In the Audi e-tron, the integrated
Brake Control System (iBRS) emphasizes the fact that efficiency will
become the third variable in chassis development alongside ride comfort
and sportiness. As a high-tech control unit, the future vehicle dynamics
computer can simultaneously actuate up to 90 components.
On the road toward an integrated vehicle dynamics brain
Audi
consistently drives the idea of integrating chassis and powertrain
technology. In the future, an integrated vehicle dynamics processor will
handle longitudinal and lateral dynamics control as well as energy and
powertrain management: recuperating energy during a braking event,
determining the damper compression rate within milliseconds and keeping
the vehicle precisely on track – all practically at the same time. The
development objective for future chassis generations is clear: besides
an even greater spread between sportiness and comfort, the integration
of efficiency technologies will play a central role.
The future vehicle dynamics
processor will be centrally controlling nearly all functions in
longitudinal, lateral and vertical dynamics: chassis, powertrain and
recuperation functions, and be clearly more powerful than today’s ECP,
for instance. It will operate about ten times as fast as current systems
and be able to control up to 90 system participants – compared to about
20 in the case of the current ECP. New as well will be its modular
usability for diverse types of powertrains, in other words, ICE-powered,
hybrid or electric vehicles, as well as front, all-wheel or rear-wheel
drive systems for electric models.

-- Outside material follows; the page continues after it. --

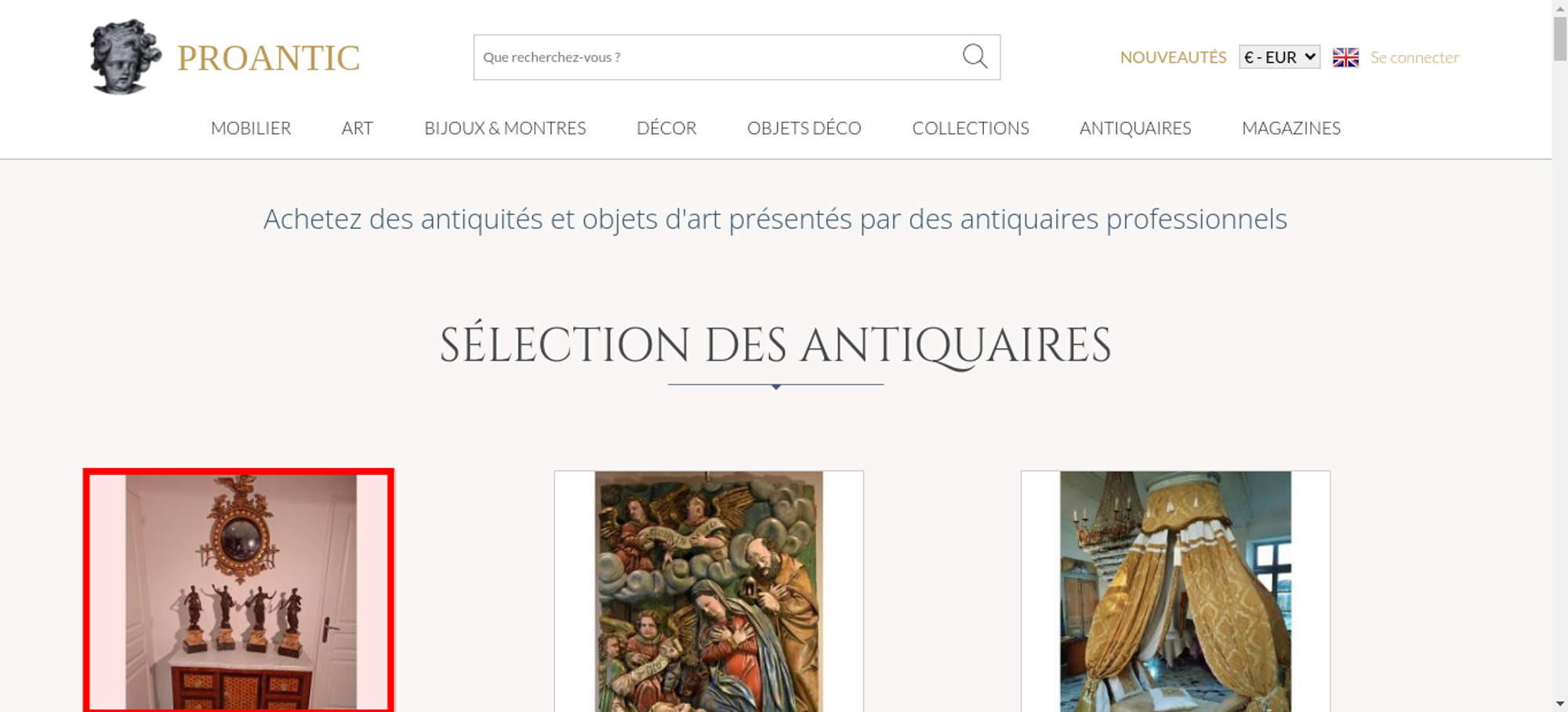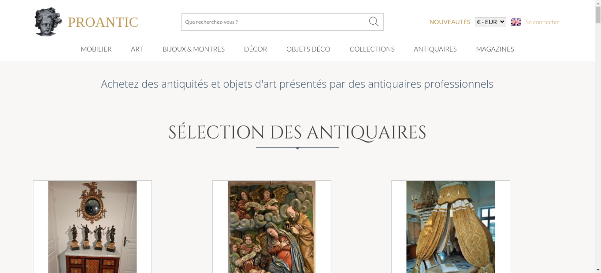 • <a class="nav-menu-hover-a" href="https://www.proantic.com/antiquites-nouveautes" style="padding:7px 0;font-family: 'Lato', serif; color: #BC9956;text-transform: uppercase;margin-bottom:0">nouveautés</a>

As a result, the central vehicle
dynamics computer, in addition to car-to-x functions, will enable
function-on-demand features as well. Its precise data computation will
also execute the requirements of advanced driver assistance functions.
Chassis
technology development at Audi emphasizes intensified interlinking of
individual mechatronic chassis components and vehicle functions using
smart electronic control. The Electronic Chassis Platform (ECP) made its
debut in the Audi Q7 in 2015. Today, it interlinks the individual
component assemblies of the chassis systems in Audi’s mid-size,
full-size and luxury models. Due to this smart ECP interlinking of
chassis technologies that have undergone continuous further development
such as permanent quattro all-wheel drive, the adaptive air suspension
and Dynamic All-wheel Steering, Audi has forged a successful link
between superior ride comfort and high-level driving dynamics.
Interlinking as an enabler – previously unknown flexibility, from comfortable to sporty
A
perfect example that illustrates the enormous effort Audi invests in
the technical design of the chassis is the electric roll stabilization
used in the Audi SQ7 and SQ8. Due to smart interlinking, the system can
unfold its full potential. Body roll of the full-size SUV during
cornering and load changes is reduced to a minimum. In addition, it
provides the Audi full-size SUVs with amazingly high lateral dynamics
capabilities resulting in an impressive driving experience for the
driver.
In
fast cornering situations, due to the electronic adjustment of the
stabilizer bar, body roll is reduced because the stabilizer, within
milliseconds, smoothly lifts the vehicle side that is on the outside of a
corner against the centrifugal forces with a moment of up to 1,200
Newton meters. This makes higher cornering speeds possible and clearly
reduces load change reactions as well. During straight-line driving, for
instance on uneven road surfaces, a planetary gear system disconnects
the two halves of the stabilizer, which enhances ride comfort. As a
central control unit, the Electronic Chassis Platform also matches
information from other chassis technologies in the SQ7 and SQ8, such as
the all-wheel steering system, the air suspension and the quattro sport
differential. The driver experiences this close collaboration of the
Audi chassis systems in the form of high handling precision and agility.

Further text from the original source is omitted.